Exercise aim:
Type the entries out again exactly as they read, but leave every picture behind.

Provided entries:
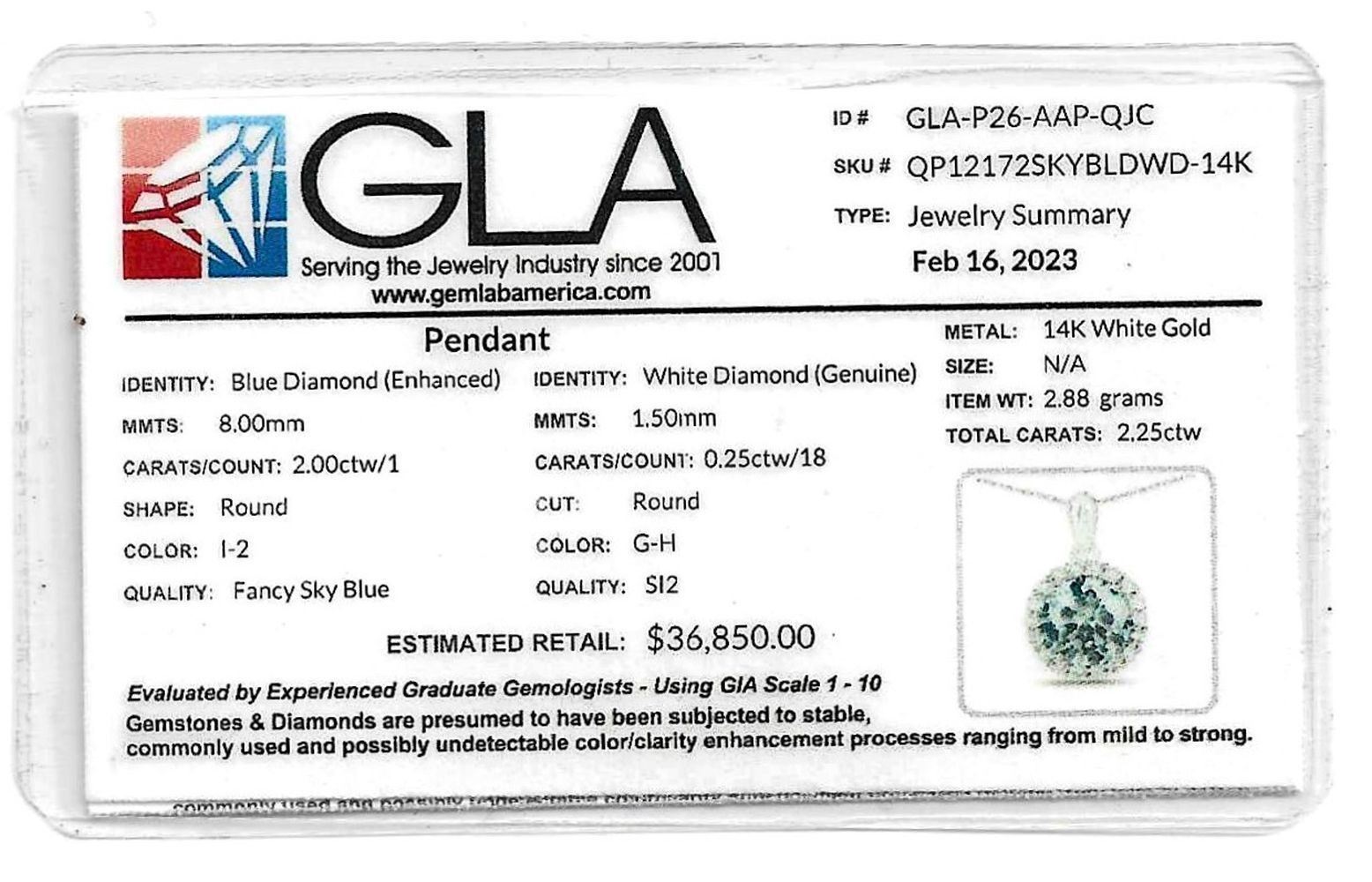 DESCRIPTION DETAIL: Earth-Mined Blue (Enhanced) and White Diamond Pendant
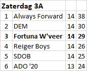 In de competitie werd in de derde klasse A werd door twee directe concurrenten gespeeld: SDOB-Reiger Boys met als eindstand 5-3. De Top 6 is nu als volgt:
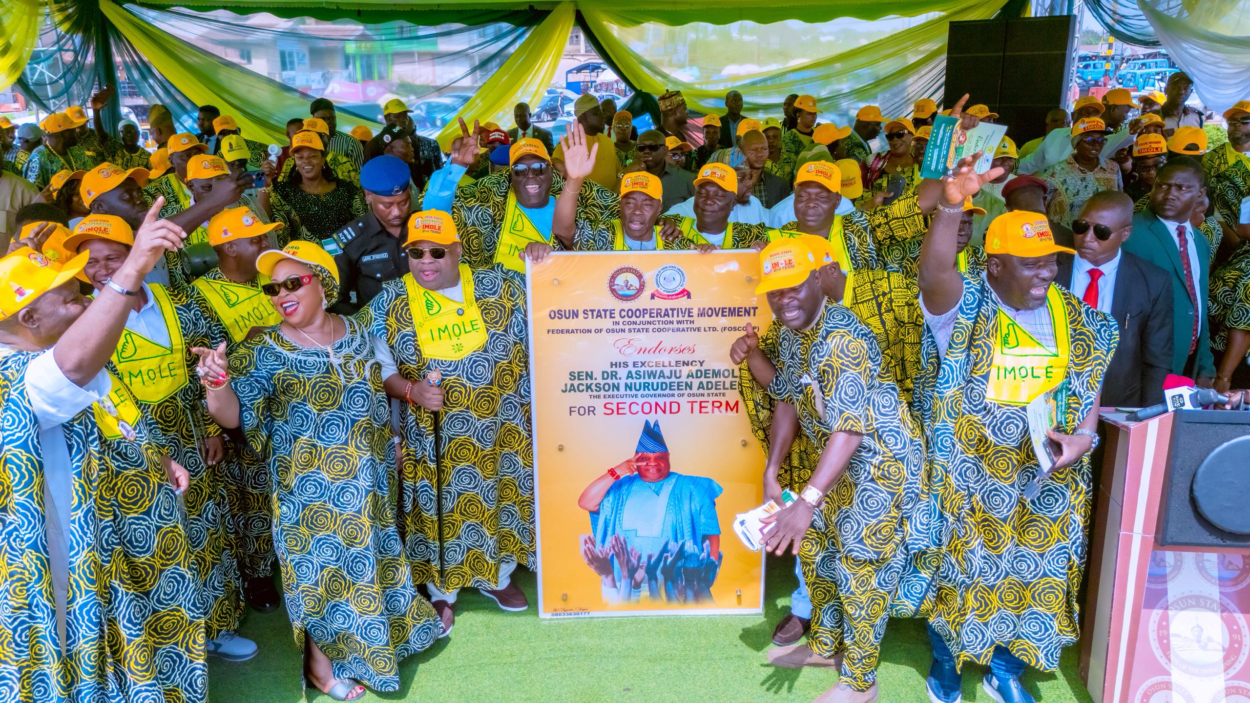 The Osun State Cooperative Movement under the umbrella of the Federation of Osun State Cooperative Ltd (FOSCOOP) has officially endorsed Governor Ademola Adeleke for a second term in office as preparations intensify for the August 8, 2026 governorship election.
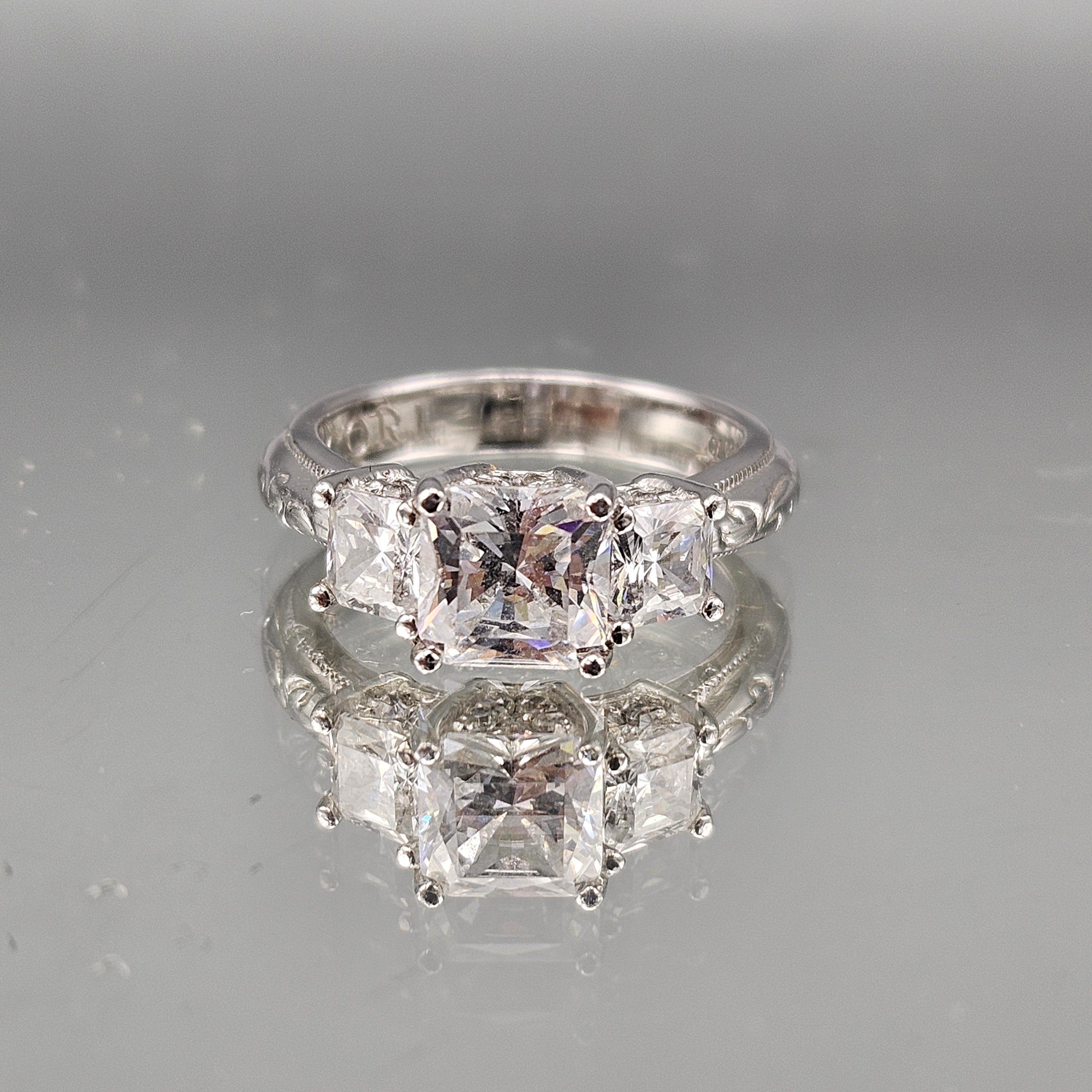 Sterling Silver CZ Engagement Ring - Size 4.25
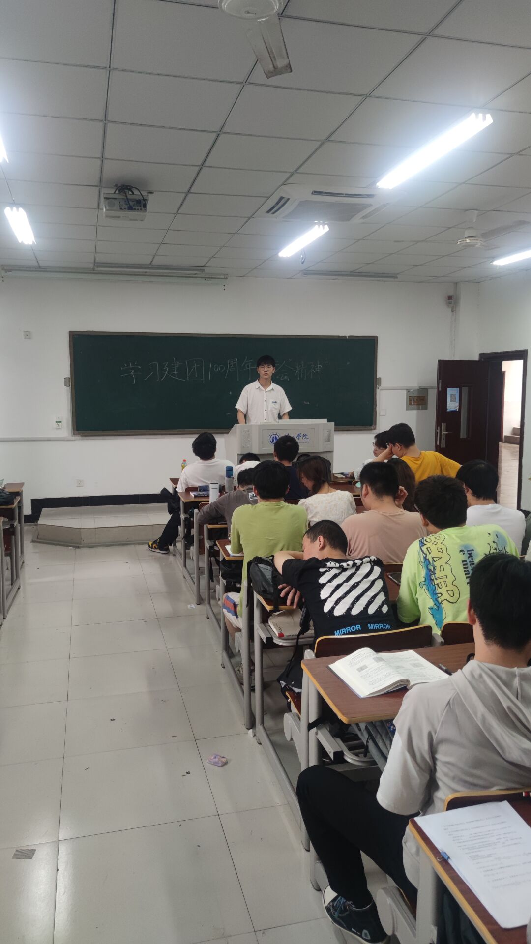 为深入学习贯彻习近平总书记提出的“青年一代有理想、有本领、有担当,国家就有前途,民族就有希望”,促进团员青年养成“勤学、修德、明辨、笃实”、“爱国、励志、求真、力行”的良好品质,同时庆祝中国共产主义青年团成立一百周年,20光信息于5月30日上午10时许在文端2503教室开展了“学习建团100周年大会精神”教育全班同学共五十余人参加了此次班会。
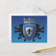 Mediaeval Lion Heraldry Postcard. A Coat of Arms design featuring twin lions, a shield, a crown, and a flir-de-lis. All of which were very symbolic during the mediaeval ages in Europe. Heraldry had depictions of powerful creatures, such as lions, dragons, and griffins, on their armour and weapons. It was a way to identify combatants on the battlefield.
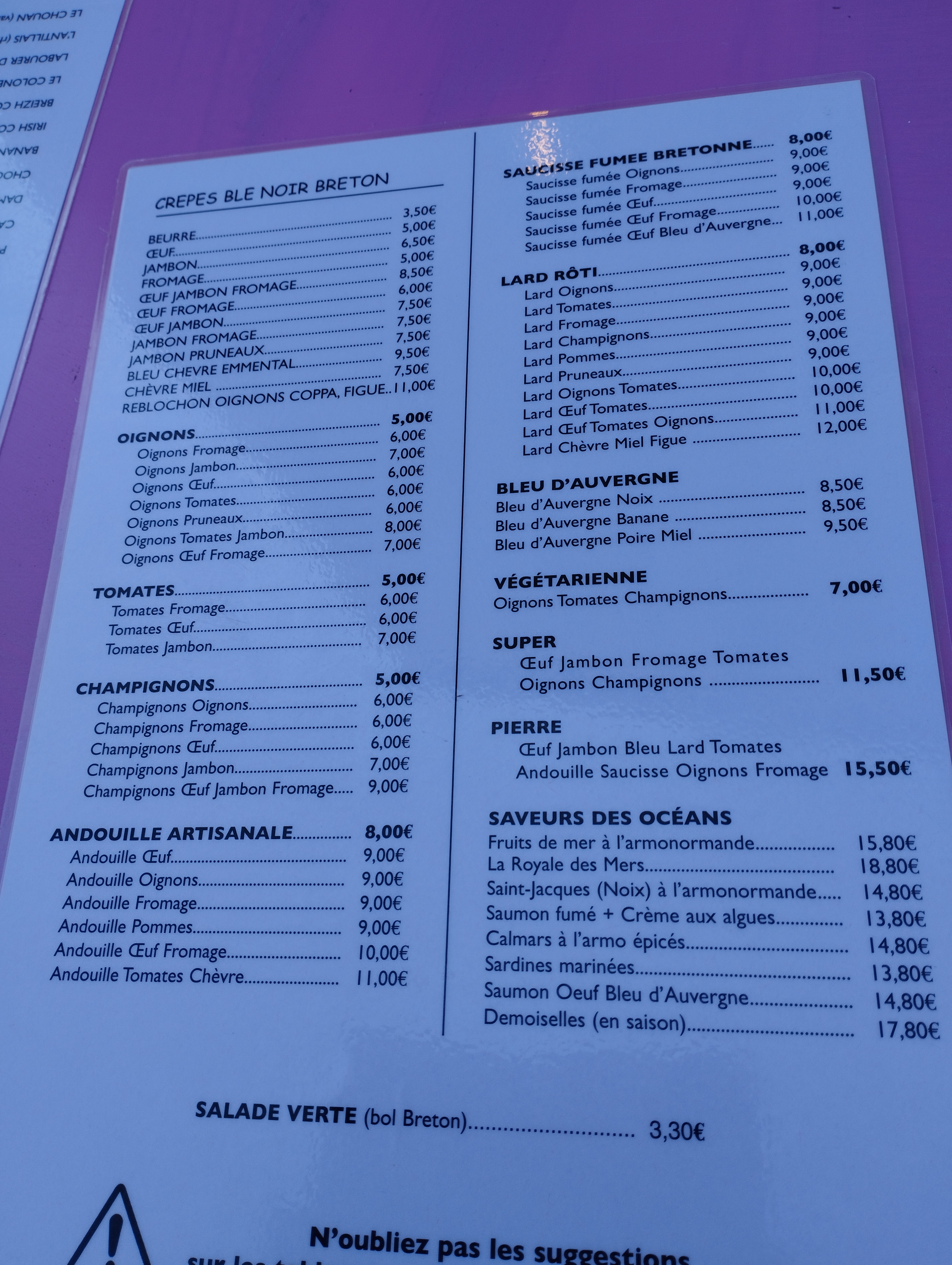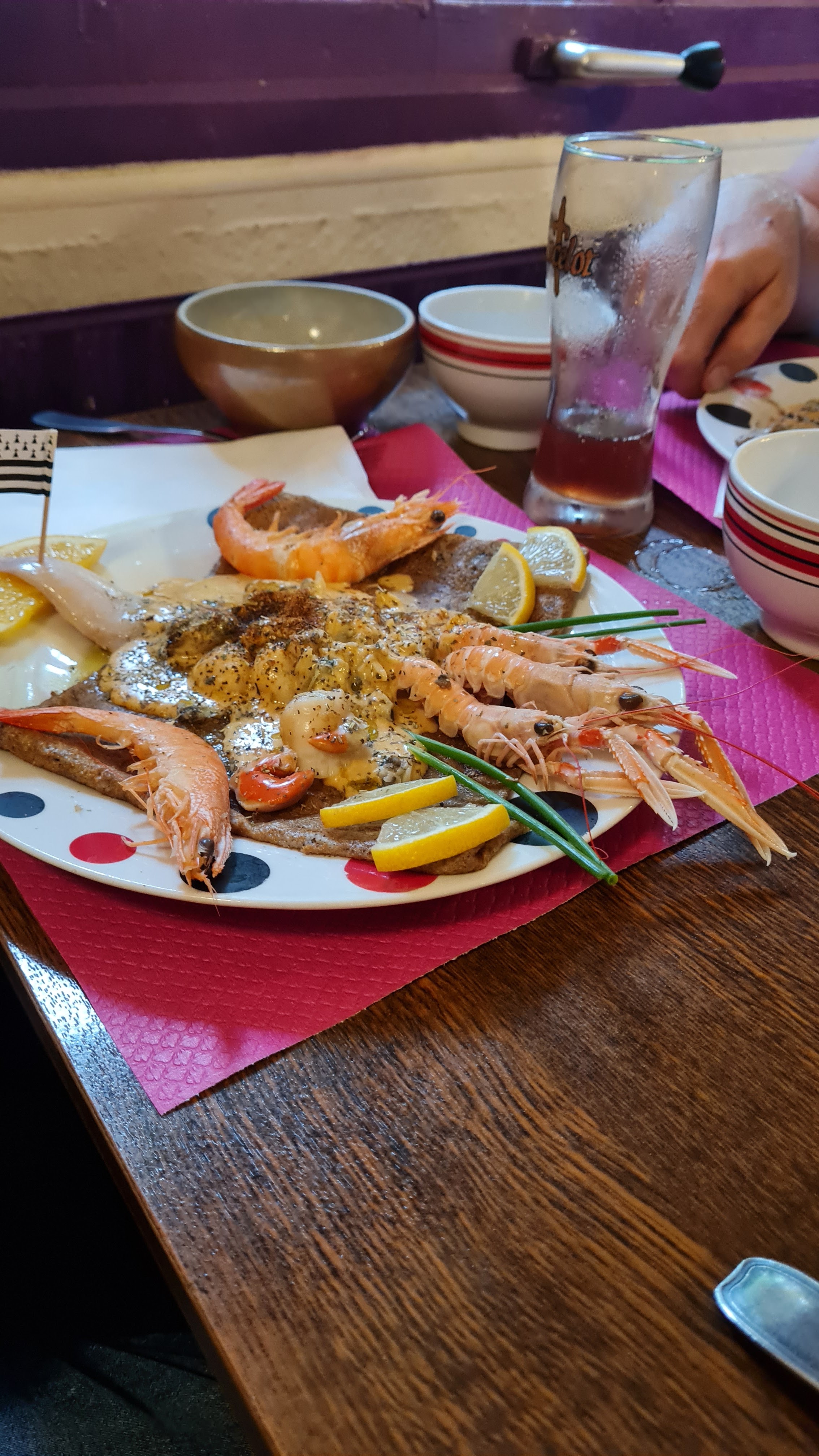 Découverte de la meilleure crêperie parmi toutes celles où nous avons déjeuné en 2 semaines. Originalité des galettes, saveur, déco de la salle de restau et patron hyper sympa. Bravo changez rien
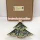 Vitrified China. White background. Holly leaves in soft shades of green. Red holly berries. Butternut trim top and bottom. Box. MADE IN USA
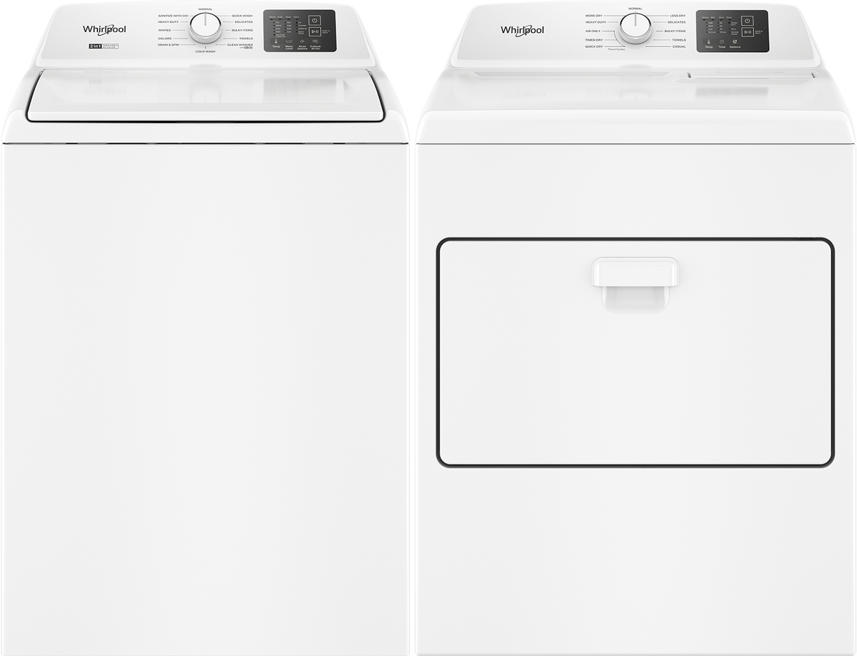 Whirlpool® White Laundry Pair with a 4.2 cu. ft. capacity top load washer and a 7 cu. ft. capacity gas dryer.Read More
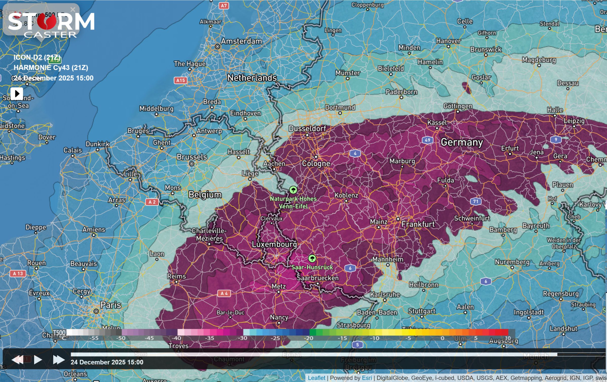Ik zat zojuist een beetje met StormCaster (https://scsptqi2023.stormcaster.eu/) te spelen en ik vind het toch wel leuk om te zien om de komende 'winterprik' in de weermodellen alvast te zien aankomen, in dit geval met ICON-D2.
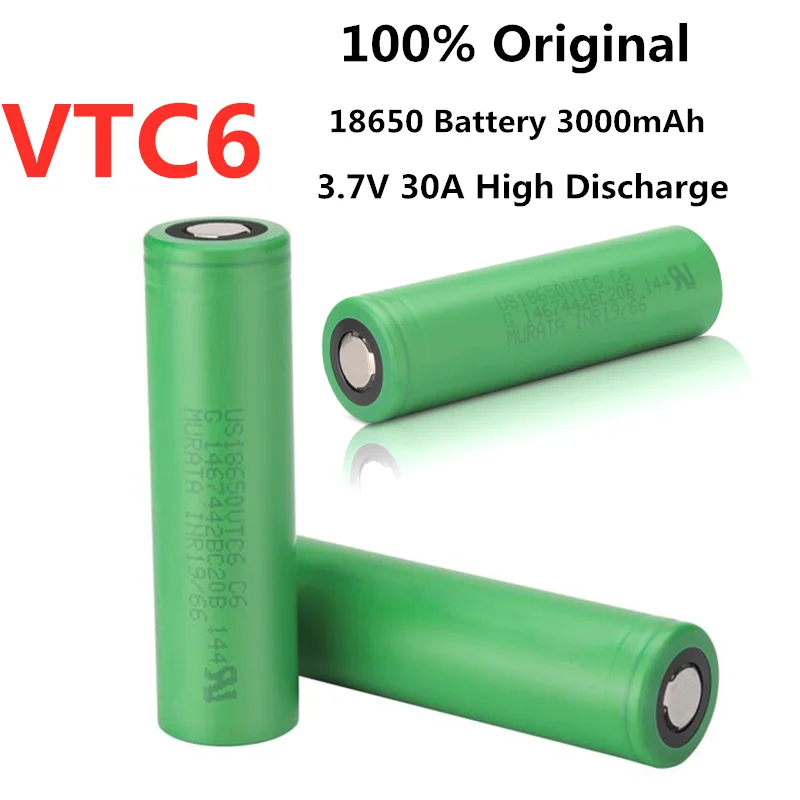 Аккумулятор VTC6 18650 3000 мАч, 3,7 в, 30 А, перезаряжаемые батареи с высоким разрядом 18650 для фонарика US18650VTC6, аккумулятор для инструментов
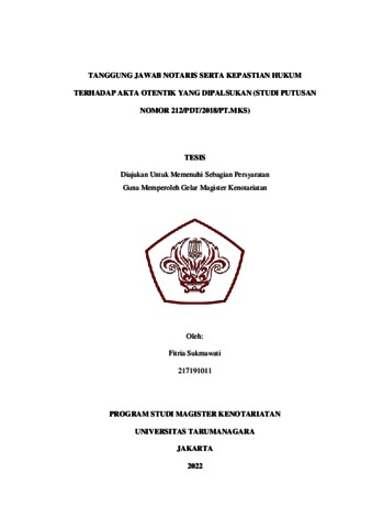 Sukmawati, Fitria (2022) Tanggung Jawab Hukum Notaris Serta Kepastian Hukum Terhadap Akta Otentik Yang Dipalsukan (Studi Putusan Nomor: 212/PDT/2018/PT.MKS). Masters thesis, Universitas Tarumanagara.
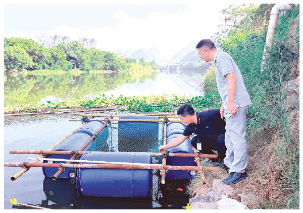 恭城瑶族自治县纪委监委聚焦茶江流域水质提升专项监督工作重点,充分运用“室组地”联合监督模式,通过深入一线实地检查,精准查找问题短板,推动职能部门履职尽责,以强有力监督守护茶江流域生态环境。图为该县纪委监委相关纪检监察室及派驻纪检监察组联合职能部门正在对茶江河沿岸开展实地监督检查。 蔡庆 摄
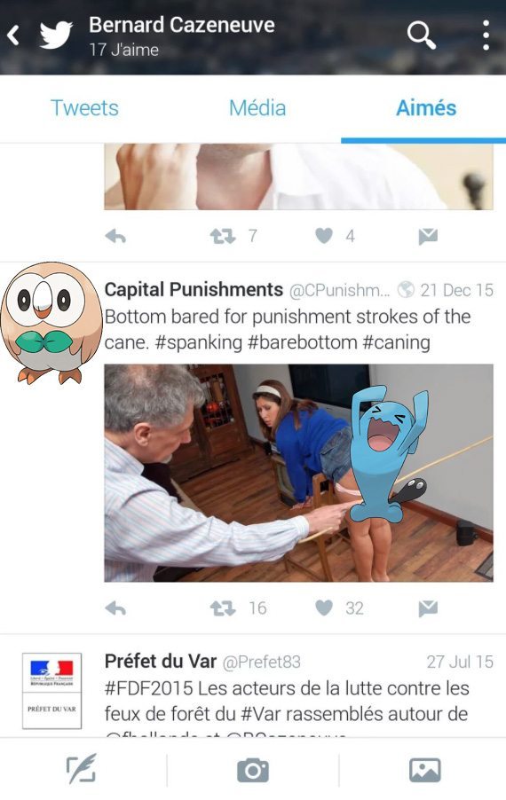 Évidemment, l’intéressé a supprimé derechef le dit-tweet dès qu’il a réalisé qu’il s’était fait prendre. Malheureusement pour lui et heureusement pour nous, la fonction « Capture d’écran » existe ㄟ( ▔∀▔ )ㄏ Ce qui a permis aux twittos à l’origine de la découverte d’immortaliser ce like si révélateur d’un classe politique masculine empêtré de sexisme et de perversité à l’égard des femmes. Sans compter cette atmosphère d’impunité totale qui a poussé notre cher ministre de l’Intérieur, Bernard Cazeneuve, à liker un tweet illustré de fessée SM via son compte officiel. Le like en question a eu lieu le 20 décembre 2015 mais n’a été découvert qu’aujourd’hui.

Answer section:
 DESCRIPTION DETAIL: Earth-Mined Blue (Enhanced) and White Diamond Pendant
 In de competitie werd in de derde klasse A werd door twee directe concurrenten gespeeld: SDOB-Reiger Boys met als eindstand 5-3. De Top 6 is nu als volgt:
 The Osun State Cooperative Movement under the umbrella of the Federation of Osun State Cooperative Ltd (FOSCOOP) has officially endorsed Governor Ademola Adeleke for a second term in office as preparations intensify for the August 8, 2026 governorship election.
 Sterling Silver CZ Engagement Ring - Size 4.25
 为深入学习贯彻习近平总书记提出的“青年一代有理想、有本领、有担当,国家就有前途,民族就有希望”,促进团员青年养成“勤学、修德、明辨、笃实”、“爱国、励志、求真、力行”的良好品质,同时庆祝中国共产主义青年团成立一百周年,20光信息于5月30日上午10时许在文端2503教室开展了“学习建团100周年大会精神”教育全班同学共五十余人参加了此次班会。
 Mediaeval Lion Heraldry Postcard. A Coat of Arms design featuring twin lions, a shield, a crown, and a flir-de-lis. All of which were very symbolic during the mediaeval ages in Europe. Heraldry had depictions of powerful creatures, such as lions, dragons, and griffins, on their armour and weapons. It was a way to identify combatants on the battlefield.
 Découverte de la meilleure crêperie parmi toutes celles où nous avons déjeuné en 2 semaines. Originalité des galettes, saveur, déco de la salle de restau et patron hyper sympa. Bravo changez rien
 Vitrified China. White background. Holly leaves in soft shades of green. Red holly berries. Butternut trim top and bottom. Box. MADE IN USA
 Whirlpool® White Laundry Pair with a 4.2 cu. ft. capacity top load washer and a 7 cu. ft. capacity gas dryer.Read More
Ik zat zojuist een beetje met StormCaster (https://scsptqi2023.stormcaster.eu/) te spelen en ik vind het toch wel leuk om te zien om de komende 'winterprik' in de weermodellen alvast te zien aankomen, in dit geval met ICON-D2.
 Аккумулятор VTC6 18650 3000 мАч, 3,7 в, 30 А, перезаряжаемые батареи с высоким разрядом 18650 для фонарика US18650VTC6, аккумулятор для инструментов
 Sukmawati, Fitria (2022) Tanggung Jawab Hukum Notaris Serta Kepastian Hukum Terhadap Akta Otentik Yang Dipalsukan (Studi Putusan Nomor: 212/PDT/2018/PT.MKS). Masters thesis, Universitas Tarumanagara.
 恭城瑶族自治县纪委监委聚焦茶江流域水质提升专项监督工作重点,充分运用“室组地”联合监督模式,通过深入一线实地检查,精准查找问题短板,推动职能部门履职尽责,以强有力监督守护茶江流域生态环境。图为该县纪委监委相关纪检监察室及派驻纪检监察组联合职能部门正在对茶江河沿岸开展实地监督检查。 蔡庆 摄
 Évidemment, l’intéressé a supprimé derechef le dit-tweet dès qu’il a réalisé qu’il s’était fait prendre. Malheureusement pour lui et heureusement pour nous, la fonction « Capture d’écran » existe ㄟ( ▔∀▔ )ㄏ Ce qui a permis aux twittos à l’origine de la découverte d’immortaliser ce like si révélateur d’un classe politique masculine empêtré de sexisme et de perversité à l’égard des femmes. Sans compter cette atmosphère d’impunité totale qui a poussé notre cher ministre de l’Intérieur, Bernard Cazeneuve, à liker un tweet illustré de fessée SM via son compte officiel. Le like en question a eu lieu le 20 décembre 2015 mais n’a été découvert qu’aujourd’hui.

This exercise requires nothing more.